Exercise directions -
Repeat the listing that follows exactly. Pictures are not part of the copy.

** Opening Source material block **

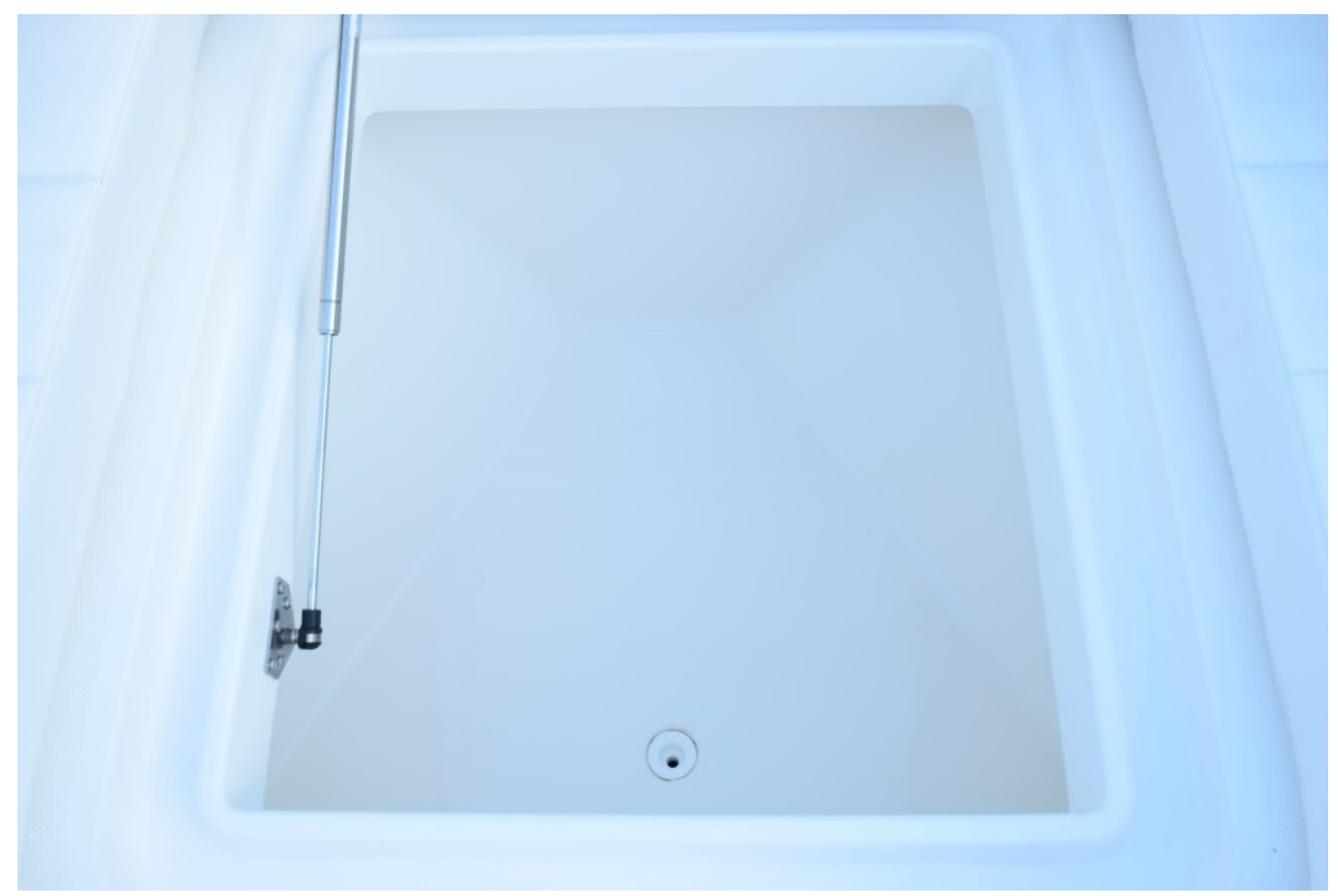
2019 Regulator 31
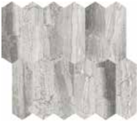
2 x 6 in / 4.9 x 15 cm Picket Mosaic Honed 5001-0326-0
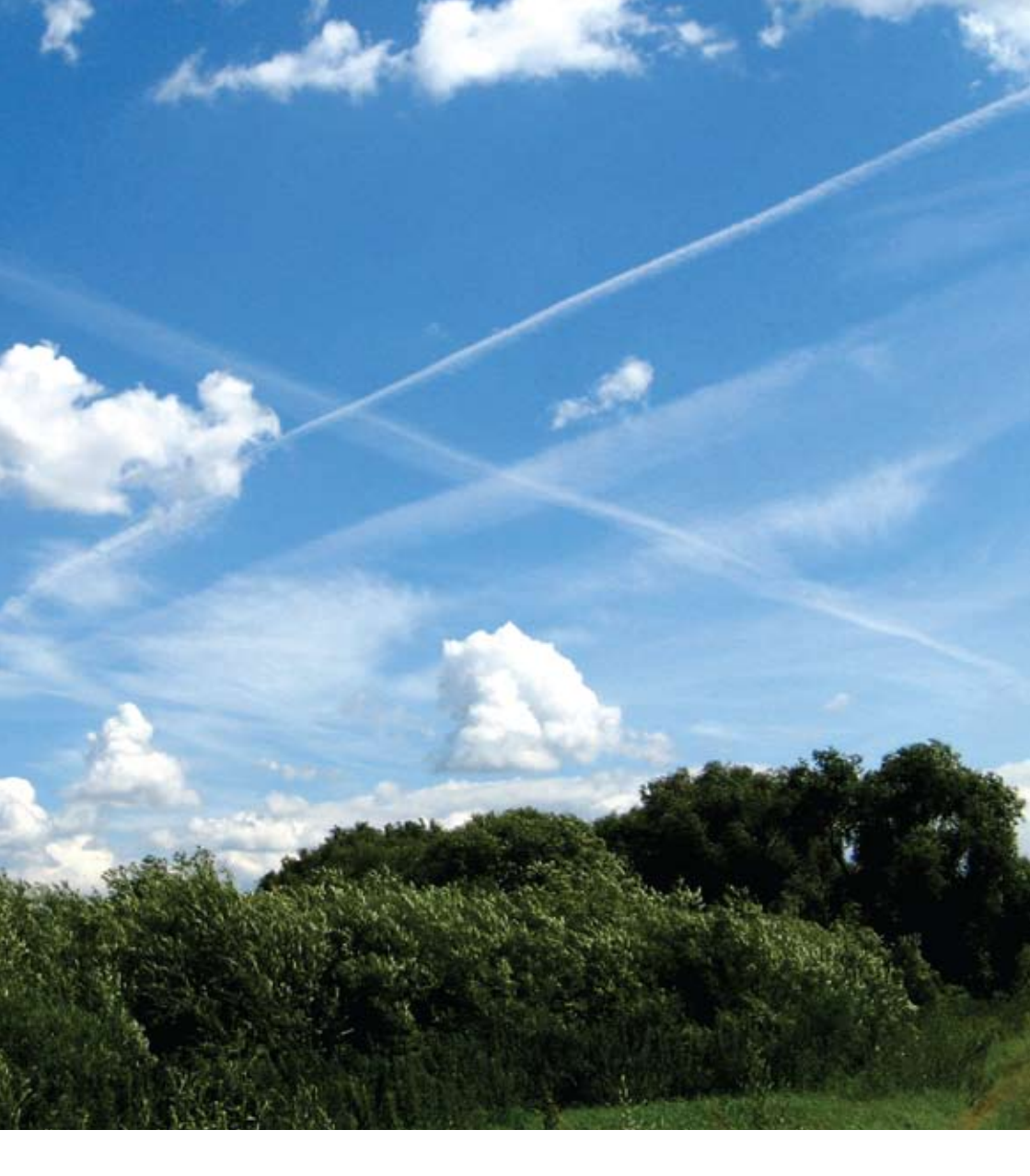
ADVANCE DECISIONS TO REFUSE TREATMENT A Guide
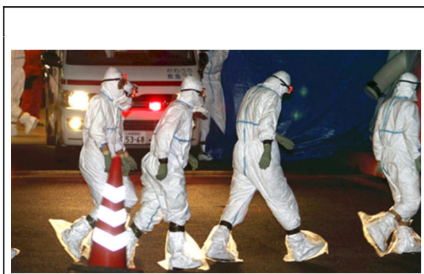
Radiation protective uniforms but not boots. Two TEPCO workers were hospitalized after stepping in radioactive water.

As early as the mid-1970s, the use of subcontracting labor in the nuclear industry was well established in Japan. In France, this trend would develop after 1988, reaching a rate of 80% by 1992. According to NISA's data, in 2009, Japan's nuclear industry recruited more than 80,000 contract workers against 10,000 regular employees. The initial goal was not necessarily to hide the collective dose, but to limit labor costs. But the fact is that whether in France or Japan, the nuclear industry nurtures a heavy culture of secrecy concerning the number of irradiated workers. As far as we can know, based on the figures published by the Ministry of Health and Labor, before Fukushima's catastrophe, only 9 former workers received compensation for an occupational cancer linked to their intervention in nuclear plants. 5 This number is probably very far from the reality of the victims, given the number of workers exposed, and the numerous opacities of that system beginning with the fact that TEPCO and other electric power companies have always refused to disclose the list of their subcontractors.

** Closing Source material block **

Solution -
2019 Regulator 31
2 x 6 in / 4.9 x 15 cm Picket Mosaic Honed 5001-0326-0
ADVANCE DECISIONS TO REFUSE TREATMENT A Guide
Radiation protective uniforms but not boots. Two TEPCO workers were hospitalized after stepping in radioactive water.

As early as the mid-1970s, the use of subcontracting labor in the nuclear industry was well established in Japan. In France, this trend would develop after 1988, reaching a rate of 80% by 1992. According to NISA's data, in 2009, Japan's nuclear industry recruited more than 80,000 contract workers against 10,000 regular employees. The initial goal was not necessarily to hide the collective dose, but to limit labor costs. But the fact is that whether in France or Japan, the nuclear industry nurtures a heavy culture of secrecy concerning the number of irradiated workers. As far as we can know, based on the figures published by the Ministry of Health and Labor, before Fukushima's catastrophe, only 9 former workers received compensation for an occupational cancer linked to their intervention in nuclear plants. 5 This number is probably very far from the reality of the victims, given the number of workers exposed, and the numerous opacities of that system beginning with the fact that TEPCO and other electric power companies have always refused to disclose the list of their subcontractors.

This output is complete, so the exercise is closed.